- Born: Joanie Spina August 4, 1953 Boston, Massachusetts, United States
- Died: August 17, 2014 (aged 61) Houston, Texas, United States
- Occupations: Dancer, choreographer, magician and director
- Years active: 1985–2014

= Joanie Spina =

American magician

Joanie Spina (August 4, 1953 – August 17, 2014) was an American dancer, choreographer, magician and director who achieved prominence through her work with the illusionist David Copperfield.

==Early life and beginnings of career==
Spina grew up in the town of Woburn, near Boston, Massachusetts. She first began dancing as a child but gave up when she was just 11. Later in life, at the age of 26, while working in a menial bar job, she returned to dance as a means to lose weight.

Taking ballet and jazz classes helped her decide that her vocation lay in the performing arts.

She then began acting and taking voice classes as well. Although told she was too old to be attempting to begin a career as a performer she persevered on the basis that she could at least teach. In the following two years she danced with a few local companies in the Boston area and then moved to New York City.

==Magic career==
In January 1985, while looking for the next step in her career, Spina answered a job posting for a dancer in a show with "an international stage and television star". The star turned out to be magician David Copperfield, who hired her. She worked for Copperfield for the next eleven years, until 1996, spending eight-and-a-half of them as his lead assistant. She also became his choreographer and co-director. Her work included choreographing ten of Copperfield's nineteen CBS television specials, beginning with The Magic of David Copperfield VIII: Walking Through the Great Wall of China (March 14, 1986), in which she was credited as assistant choreographer, and his show Dreams and Nightmares, which ran at the Martin Beck Theatre for twenty-five days between December 5 and 29, 1996. Among the routines to which Spina contributed were Copperfield's "Brazilian Water Levitation", included in his 1991 special, and his signature "Flying" illusion, created by John Gaughan and included in his 1992 special.

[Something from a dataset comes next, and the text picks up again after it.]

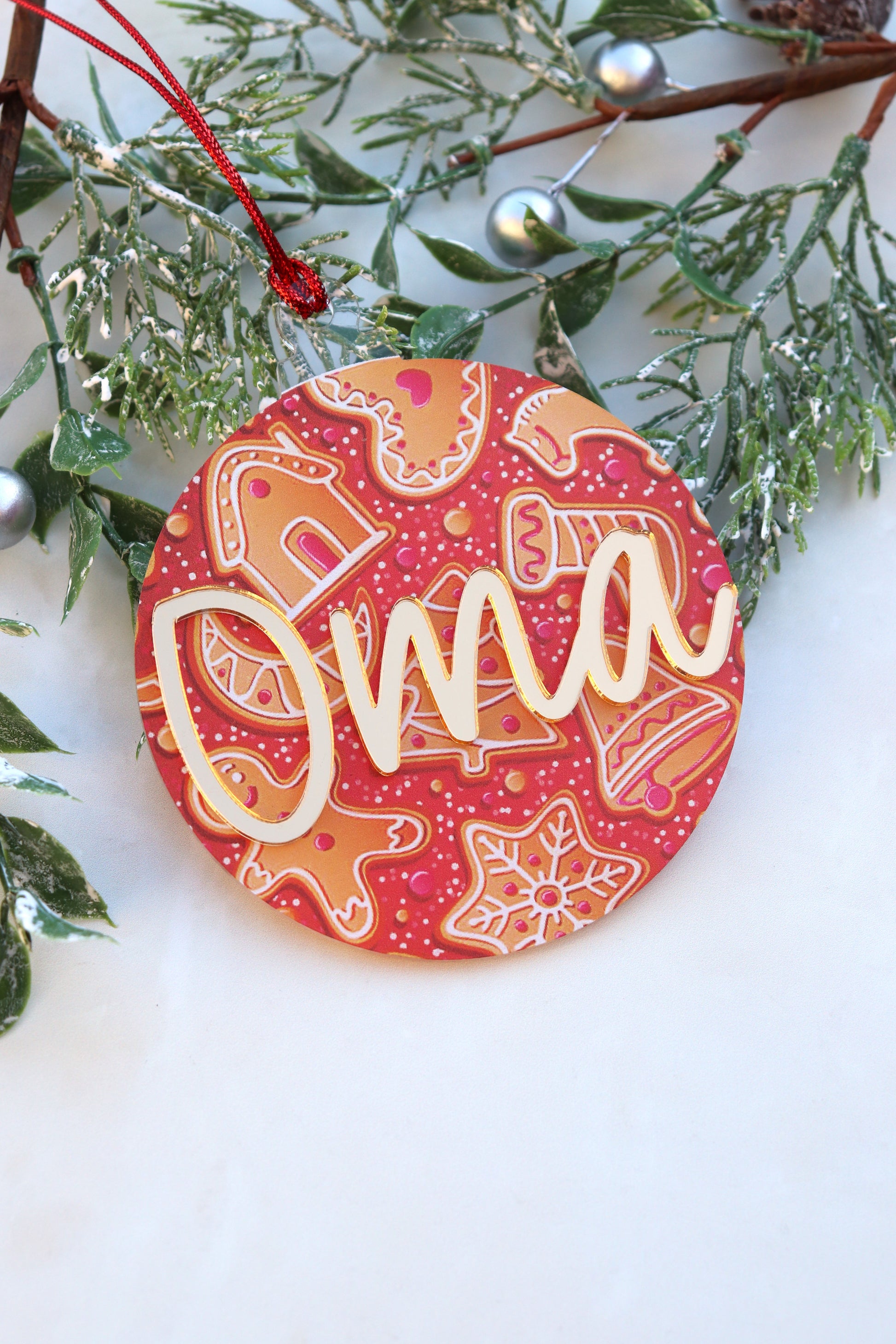 Red Gingerbread Print Bauble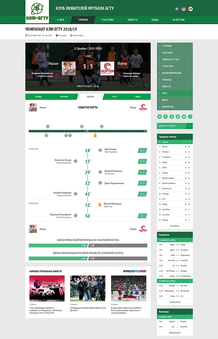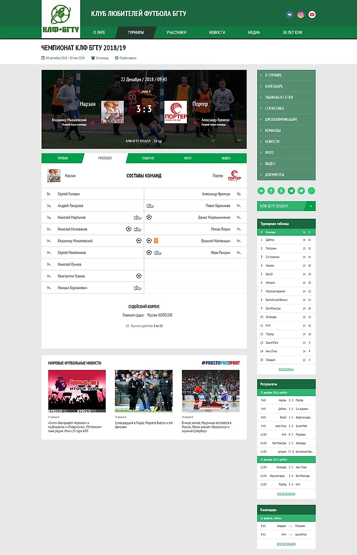 В 2014 году был создан сайт на Wordpress, собственными силами, что уже было шагом вперед. Так появилась возможность публикации новостей с фотографиями, можно было поставить виджеты турнирных таблиц, вставить с помощью плагинов фотоальбомы. Выглядело это, конечно, не очень красиво и современно, но минимальные функции выполняло. Все попытки сменить дизайн или внедрить какую-то функцию упирались в то, что это стоило немаленьких денег и, при этом, принципиально не обновляло качество.

She appeared as a lead dancer and assistant in the "Origami" illusion in the 1989 television special Explosive Encounter and the "Slicer" illusion in the 1990 special The Niagara Falls Challenge.

In 2000 Spina left Copperfield's team and developed her own solo magic act, which she performed in locations including Las Vegas, Atlantic City and the Bahamas. She withdrew from performing and began to concentrate on a directing career. Her clients included Mark Kalin and Jinger, Princess Tenko, Tim Kole (the son of André Kole), Melinda Saxe, Jeff Hobson, Juliana Chen, The Spencers, Dirk Arthur, and Lawrence & Priscilla.

During Spina's later years, she lived in Las Vegas and traveled extensively to work on various projects. In addition to her directing work she launched Roxie Video Productions.

She released a three-volume VHS set entitled Joanie Spina: Get Your Act Together on which she offered advice on stagecraft, routining, working with assistants, movement, and character development.

Spina penned a column for MAGIC Magazine in which she demonstrated techniques for magicians to improve their choreography and staging. Her columns appeared from January 2011 as video lessons on the iPad edition of the magazine.

==Death==
Joanie suffered from pulmonary fibrosis and had been treated for cancer.
In 2014 she moved from Las Vegas to Houston to await a lung and liver transplant.

Spina died on August 17, 2014, at the age of 61.